Last Updated:Jul 10, 2024

Machine Learning Designer of Platform for AI (PAI) provides various data processing components to help you edit, convert, filter, and deduplicate data. You can combine different components to filter high-quality data and generate text samples that meet your requirements. You can use the processed data to train large language models (LLMs). This topic describes how to use the data processing components of PAI to clean and process the text data obtained from Wikipedia. In the following example, a small amount of Wikipedia data extracted from the open source RedPajama dataset is used.

Dataset

Machine Learning Designer provides a preset template for processing Wikipedia text data. The template uses 5,000 sample data records extracted from the open source RedPajama dataset.

Create and run a pipeline

  1. Go to the Visualized Modeling (Designer) page.

    1. Log on to the PAI console.

    2. In the upper-left corner, select a region based on your business requirements.

    3. In the left-side navigation pane, click Workspaces.

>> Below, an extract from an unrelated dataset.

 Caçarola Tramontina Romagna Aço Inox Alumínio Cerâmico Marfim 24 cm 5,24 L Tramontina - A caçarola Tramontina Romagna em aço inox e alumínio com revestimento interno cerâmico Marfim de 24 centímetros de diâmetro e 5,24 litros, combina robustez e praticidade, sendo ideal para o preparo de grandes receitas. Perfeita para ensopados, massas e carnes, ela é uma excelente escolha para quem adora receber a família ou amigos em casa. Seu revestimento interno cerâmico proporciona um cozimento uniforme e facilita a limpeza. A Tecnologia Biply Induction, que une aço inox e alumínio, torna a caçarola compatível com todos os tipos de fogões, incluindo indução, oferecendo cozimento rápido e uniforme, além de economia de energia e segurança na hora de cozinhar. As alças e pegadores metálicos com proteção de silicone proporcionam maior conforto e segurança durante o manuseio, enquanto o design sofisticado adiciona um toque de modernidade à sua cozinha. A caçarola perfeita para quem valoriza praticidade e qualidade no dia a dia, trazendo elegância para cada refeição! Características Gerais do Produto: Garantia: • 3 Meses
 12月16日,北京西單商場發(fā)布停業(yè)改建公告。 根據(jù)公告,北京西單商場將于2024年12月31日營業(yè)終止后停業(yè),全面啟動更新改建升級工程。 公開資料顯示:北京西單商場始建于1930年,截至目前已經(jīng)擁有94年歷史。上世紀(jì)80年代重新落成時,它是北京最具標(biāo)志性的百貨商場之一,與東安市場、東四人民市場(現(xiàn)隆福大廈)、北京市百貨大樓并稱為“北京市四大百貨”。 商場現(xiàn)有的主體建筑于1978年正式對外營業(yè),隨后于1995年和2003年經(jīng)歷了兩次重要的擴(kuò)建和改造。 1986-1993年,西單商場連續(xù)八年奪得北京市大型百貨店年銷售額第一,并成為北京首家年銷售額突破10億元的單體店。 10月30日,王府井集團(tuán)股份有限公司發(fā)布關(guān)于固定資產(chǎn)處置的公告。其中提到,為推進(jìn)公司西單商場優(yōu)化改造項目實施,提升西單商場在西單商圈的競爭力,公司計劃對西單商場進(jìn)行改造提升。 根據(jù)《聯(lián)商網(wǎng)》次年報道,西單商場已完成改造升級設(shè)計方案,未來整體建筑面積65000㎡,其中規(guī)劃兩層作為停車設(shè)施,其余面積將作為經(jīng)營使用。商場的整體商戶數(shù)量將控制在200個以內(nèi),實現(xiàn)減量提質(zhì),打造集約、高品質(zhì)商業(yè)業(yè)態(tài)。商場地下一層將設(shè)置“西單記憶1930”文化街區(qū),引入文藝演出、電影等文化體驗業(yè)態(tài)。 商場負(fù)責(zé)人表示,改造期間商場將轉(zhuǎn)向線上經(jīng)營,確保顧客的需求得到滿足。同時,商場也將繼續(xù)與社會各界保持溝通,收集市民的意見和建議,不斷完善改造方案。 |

On the Workspaces page, click the name of the workspace that you want to use.

    4. In the workspace, choose Model Training > Visualized Modeling (Designer) in the left-side navigation pane.

  2. Create a pipeline.

    1. On the Visualized Modeling (Designer) page, click the Preset Templates tab, select Business Area from the drop-down list, and then click the Large Language Model (LLM) tab. Find the LLM Data Processing-Wikipedia (Web Text Data) template and click Create.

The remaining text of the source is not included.